Currently over 32% of women switch out of STEM degree programs in college, only 30% of women who earn bachelor’s degree in engineering are still working in engineering 20 years later and of the women who have left the engineering profession 30% cite organizational climate and lack of mentorship as the reason.

There are a variety of reason for these statistics but Women in Manufacturing (WIM) conducted several surveys that found very few respondents listing manufacturing as a field that offers opportunities for women, and only about half could recall a manufacturing company they would consider a leader in attracting and promoting women. After seeing these results its not surprising that women aren’t entering the manufacturing field. However, there are steps manufacturers can take to make a difference.

The negative perception of manufacturing jobs has contributed greatly to the skills gap, but if that attitude can be changed it will be beneficial to the entire industry. Working directly with young high school and college level students to change those inaccurate judgements about manufacturing can make these jobs more appealing to young men and women. Speaking with educators and parents about the high-quality, good paying jobs available in manufacturing can help break down some of these stereotypes.

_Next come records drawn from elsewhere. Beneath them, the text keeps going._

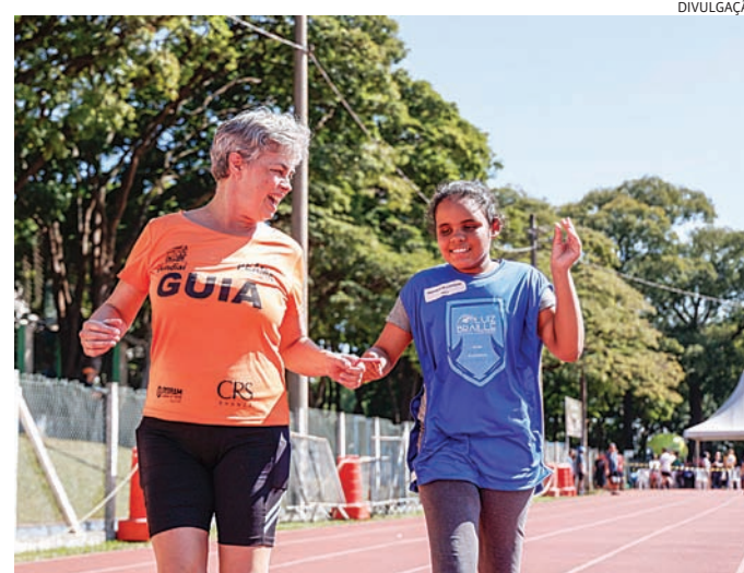
Evento gratuito será realizado no domingo no Mundo das Crianças

A expectativa é reunir alunos, familiares, professores, voluntários e moradores da cidade em uma celebração que destaca a inclusão, a convivência e a qualidade de vida proporcionadas pelo esporte adaptado.
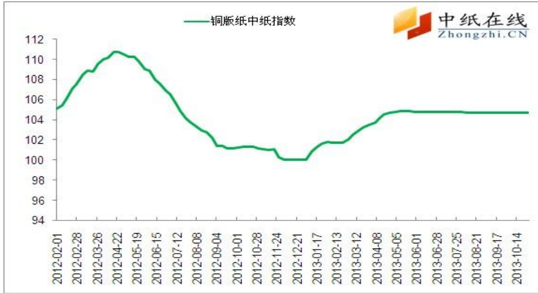
图 9：铜版纸中纸指数（CPPI）走势图
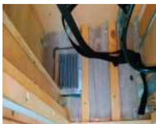
ARMARIO CON BOMBONA+ REGULADOR + VENTILACION INFERIOR
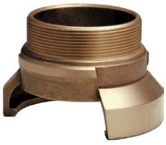
Demi-raccord symétrique mâle avec ou sans verrou
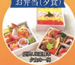
夕食の一例

客室でお弁当のご夕食をお楽しみいただくこともできます。 ※カシオペアツインでお申し込みのお客様のみとなります。詳しくは裏面をご覧ください。
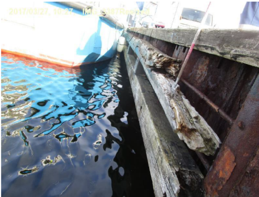
St. 67 (talt fra nordligvestligt hjørne), fendertømmer mangler lokalt.

Anoder, fendertræ og hammer er nedslidt og ødelagt. Det medfører at kajen ikke kan benyttes uden, at der kan ske skade på skibene, der ligger til, og at stålspunsen begynder at blive nedbrudt. Der monteres nye anoder i det omfang det er nødvendigt, etablering af nyt fendertræ og hammer. Når der skal etableres sluser, vil det være nødvendigt at afmontere en del af fendertræet og hammeren.
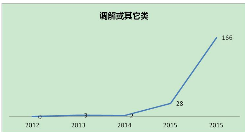
图 4：2012-2016 年度建设工程合同纠纷调解或其它类案件数量折线图

调解和其他类案例共 199 件，主要集中在 2015 年和 2016 年。其中 2013 年 3 件，2014 年 2 件，2015 年 28 件，2016 年 166 件。 ②
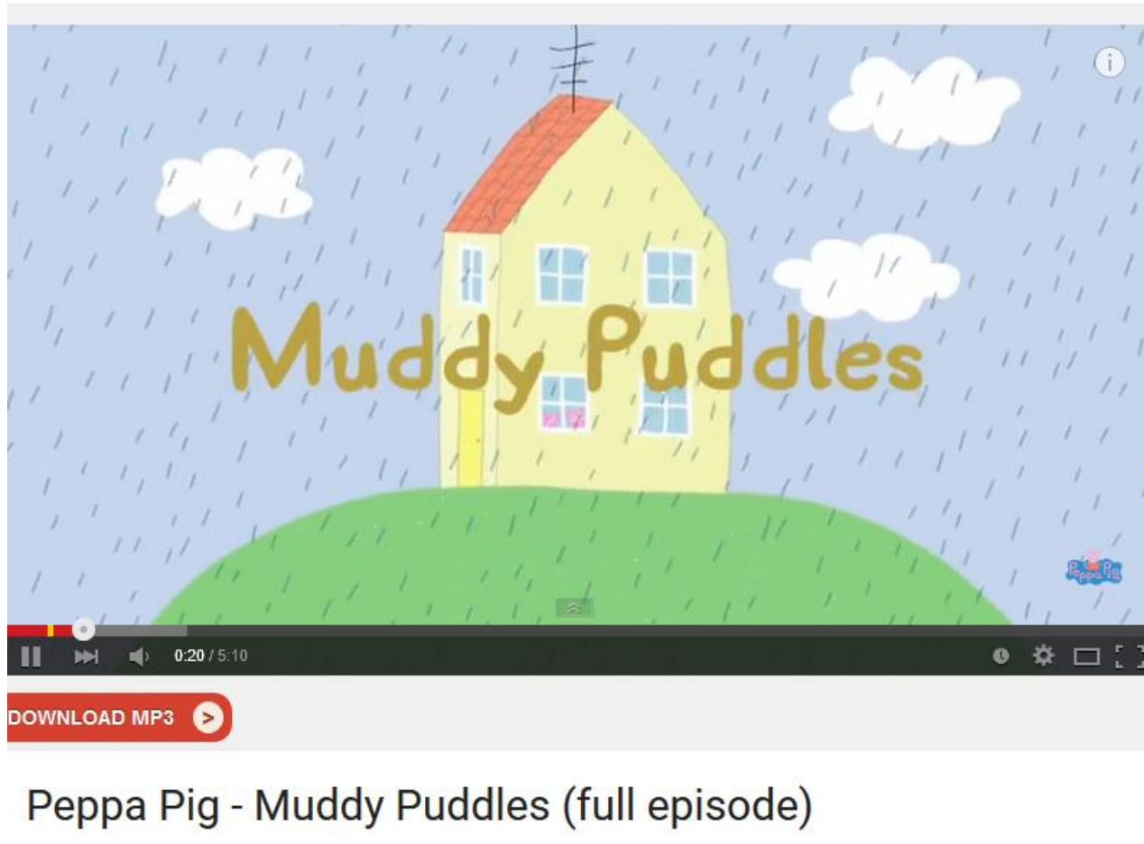
Peppa Pig - Muddy Puddles (full episode)

https://www.youtube.com/watch?v=UgA0wI1hjOk
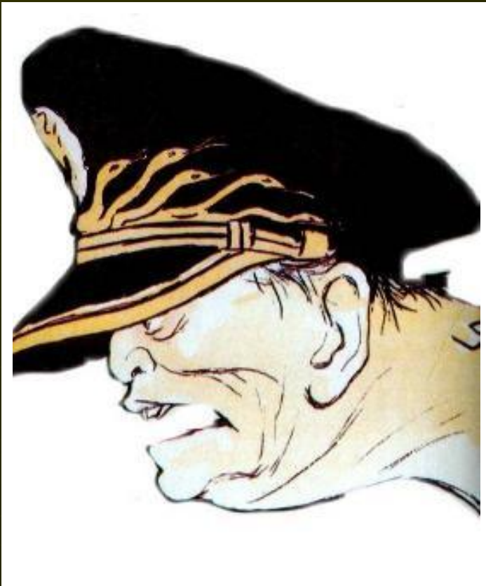
Советская карикатура на И.Броз Тито.

В 1947 г. вместо Коминтерна возникло Коминформбюро, координировавшее деятельность компартий. Но в Югославии коммунисты претендовали на самостоятельность. Тито и Г.Димитров без одобрения Сталина договорились о создании федерации балканских народов. Димитров вскоре умер и гнев Сталина обрушился на Тито. В ответ Тито арестовал всех сторонников СССР в своей компартии. Сталин объявил его фашистом.
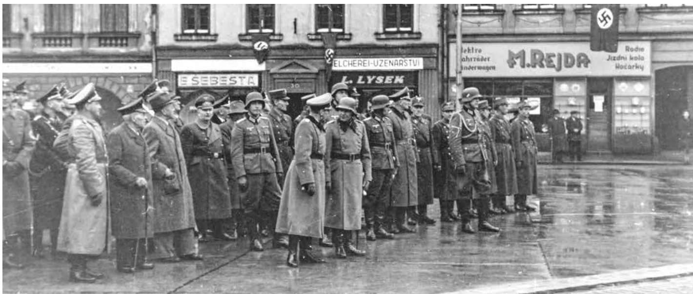
Místecké náměstí, němečtí důstojníci během vojenské přísahy rekrutů.
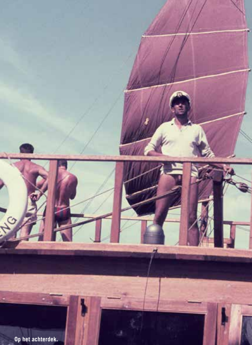
Op het achterdek.
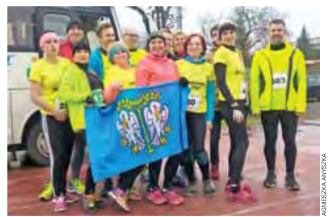
Reprezentacja rozbieganego osiedla Starzyńskiego.

Po biegu w Bełchatowie podsumowano Cykl 9 biegów o Puchar Marszałka Województwa Łódz-
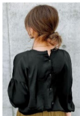
後ろボタンスタイル
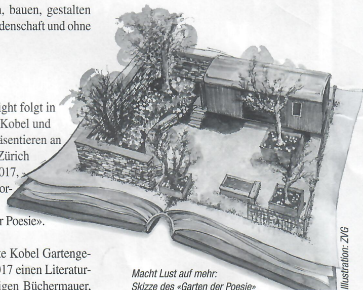
Macht Lust auf mehr: Skizze des «Garten der Poesie»
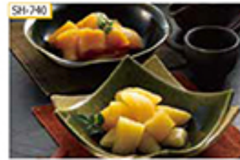
SH-740 白濁り黒濁り 各80g×3袋

塩抜き不要で手軽に食べられる味付数の子2種セットです。数の子本来の色や旨味を大切に仕上げた白濁り、しっとりとした黒濁り、お好みとした数の子特有の歯ごたえをお楽しみください。
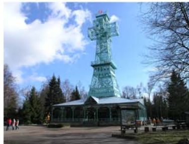
6. Josephskreuz - Großer Auerberg
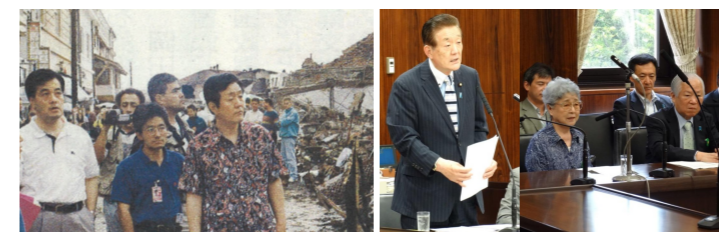
コンボ難民を援助

口紙」や米国「NBCテレビ」の記者達は安倍首相の軍国主義的姿勢に懸念を示していました。米国のシンクタンクが「軍事衝突が起きれば日本と韓国民の210万人が死亡する」との予測をまとめました。米軍司令官の一人は、「トランプ大統領が『違法』核攻撃を命じた場合には拒否する」と述べました。戦争をさせない外交を日本が主導すべきです。
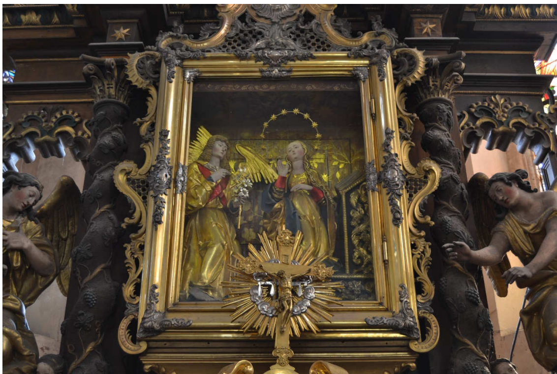
Obrázek 12- Sousoší Zvěstování Panny Marie v kostele sv. Petra a Pavla v Kralovicích

Mentors can also be a major factor in attracting women to the industry. “According to “Why So Few?” by the American Association of University Women in 2010, ‘Mentorship is often cited as a key strategy for exciting, supporting, and keeping students, young scientists, and engineers in the fields of STEM. This is particularly true for individuals who haven’t historically participated in these areas—such as young women and underrepresented minorities.’”

Creating opportunities for young girls to get hand-on experience in the STEM fields can also make an impact. Increasing the amount of positive exposure when girls are young will increase their knowledge of opportunities in manufacturing later on. Participating in events like National Manufacturing Day can be instrumental in showcasing the benefits of a career in manufacturing.

Younger generations also value opportunities to make a difference. Many jobs within the manufacturing industry have that potential. Author of 5 Ways to Increase the Number of Women in the Manufacturing Industry, Pamela Kan, said “Talking with the engineers at my company, they have all said – many times – that what they most love about the manufacturing industry is the ability to take their schooling and innate interests and make a difference by creating something new that can help a customer.”

We need women in the manufacturing industry and these small but impactful actions can make a huge difference. Changing the conversation at an early age and exposing young girls to STEM can make a huge difference down the line.